El madrilón, inolvidable

No sé quién me habló por primera vez de El Madrilón. Un café en las calles Chile y Venezuela. Lo que más fascinaba era que apenas se atravesaba su amplia puerta, una nube cargada con el aroma de café, nos daba la bienvenida.

Sus mesas y sillas, así como sus paredes y las cortinas que protegían de cualquier indiscreción, eran parte de algo que tenía que ver con la ciudad y sus diversos estados de ánimo. Quienes lo frecuentaban pertenecían a esa ciudad que estaba huyendo, y que en ese recinto, por obra de la magia, se detenía.

Se trataba de antiguos líderes de la politiquería viviendo su decadencia implacable; de mujeres que llegaban a fumarse, talvez, el primero o el último de sus cigarrillos antes de entrar a uno de los hoteles cercanos a pecar por primera vez o a reiniciar su ritual de olvido.
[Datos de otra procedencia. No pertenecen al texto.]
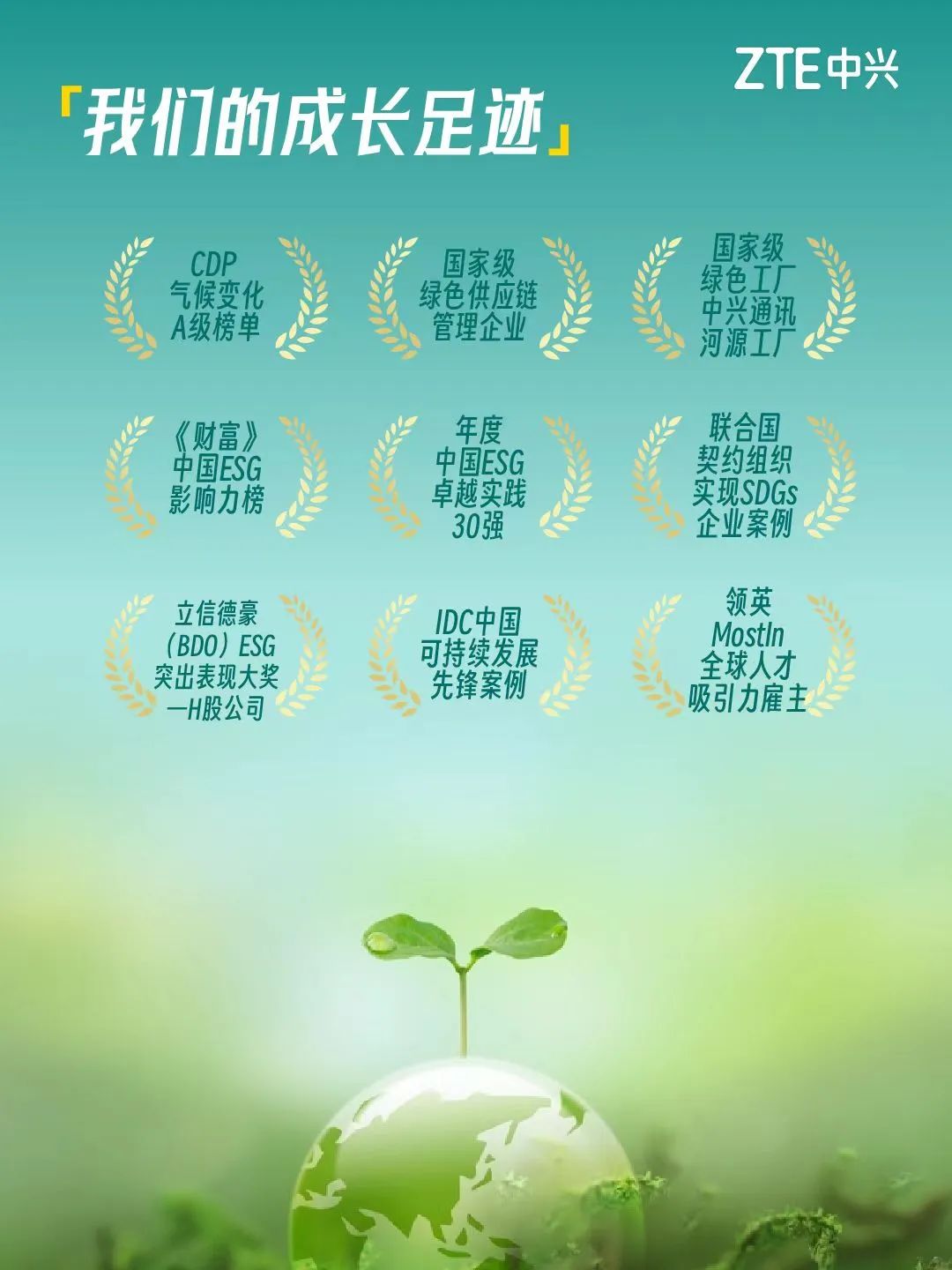 过去几年间,中兴通讯的CDP评级表现也逐步提升,从2021年的“B”级提升到2022年的“A-”级,到2023年成为全球346家气候变化最高评级"A"级的公司之一。在CDP这一具有高认可度的全球运营环境信息披露平台中,这意味着最高的环境信息公开透明度。

Asistían aquellos héroes, los más legítimos por invisibles, que contaban de hazañas que ninguna historia registrará.

El Madrilón era un pedazo de lo que la ciudad había fotografiado en su memoria: todo podía suceder ahí, pero asimismo todo podía ser inventado en ese templo donde se ofrecían los bocadillos más deliciosos.

Un buen día aparecieron unos señores que desde el Gobierno (neoliberal), con toda la arrogancia e irrespeto, mandaron a desmantelar El Madrilón con alguna advertencia de terror. Sé que luego lo ubicaron en un pasaje del centro. Volver a él fue como entrar a la casa desolada de la infancia. Sólo el absurdo y la estulticia del poder le arrebató a la ciudad un lugar del que hablar hoy, de pronto, muchos creerán que es un ejercicio de ficción.